WASHINGTON – Members of the Democratic National Committee’s (DNC) resolutions committee approved a series of platform points at the annual winter meeting, including a measure on voter ID with an eye to upcoming midterm elections.
Hundreds of members from all around the country converged in D.C. last week to debate resolutions and rules as well as organize their “ground game” ahead of November elections.
Among the resolutions approved were those in support of some of the major issues on the Democrats’ agenda, including women’s rights, immigration reform, and the minimum wage.
The resolutions committee approved a measure to promote and protect what they see as eroded voting rights.
The measure cites language from Justice Ruth Bader Ginsburg’s dissent to the Shelby County v. Holder decision in which she defined “second-generation barriers” to the ballot box as indirect efforts to diminish the impact of minority voters.
The DNC resolution defines second-generation barriers as “an ever growing number of restrictive voting laws such as requiring limited photo identification, proof of citizenship, increasing regulation of third party voter registration drives, and limiting early voting and same day registration opportunities.”
The resolution adopted states that “the Democratic National Committee supports the restoration of a high level of protection for these important rights through a renewed commitment to the Voting Rights.”
The DNC also introduced on Thursday a new voter expansion project aimed at increasing voter registration and turnout ahead of the midterm elections. The program would vary by state depending on state laws and will deploy staff to help register and educate voters.
Donna Brazile, vice chair for voter registration and participation at the DNC, said the program will make sure that “elections are free, and fair, and accessible to all Americans.”

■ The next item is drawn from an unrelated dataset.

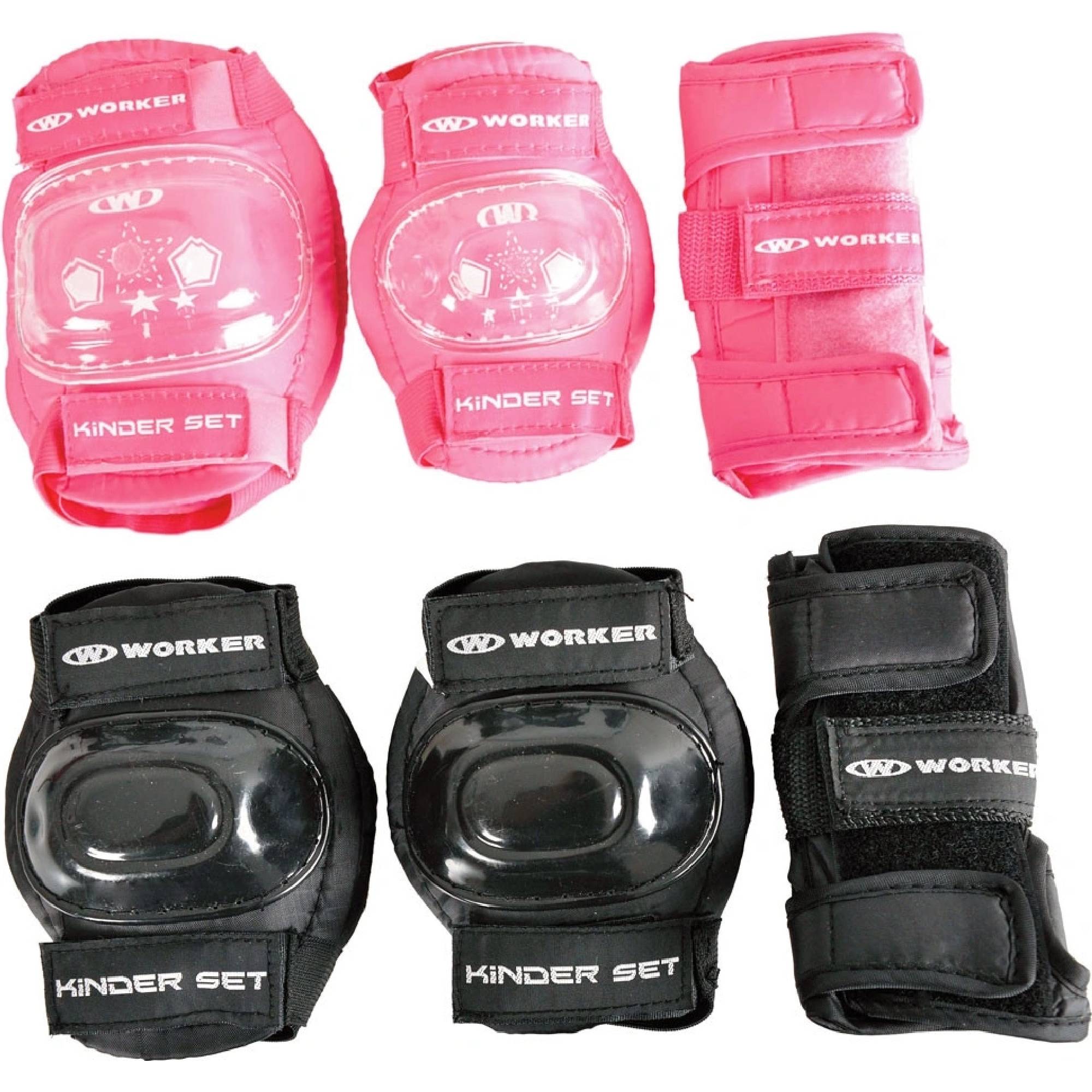 6-piece protective gear set for children in black or pink. Protects knees, palms, and elbows. Suitable for a wide range of sports. Designed for children aged 6–14. Choose pink or black protective gear for kids.

“This is a program that will work alongside the Working Rights Institute to ensure that every American has access to voting booths,” Brazile said. “Our goal is to play offense so that we are out there in the states to expand voter registration opportunities for early voters.”
The DNC’s pushback against new voter ID laws comes nine months before the midterm elections, as the Democrats face mounting challenges at the ballot box in several states.
Democrats hold a 55-45 majority in the Senate (53 Democrats and two independents who caucus with the party), but are defending 21 of 36 seats up in the elections. About half of the seats are in red or purple states.
Democrats say voter ID rules are designed to keep certain groups – minorities and low-income voters – away from polls. Republican supporters of the rules say these are needed to help prevent fraud.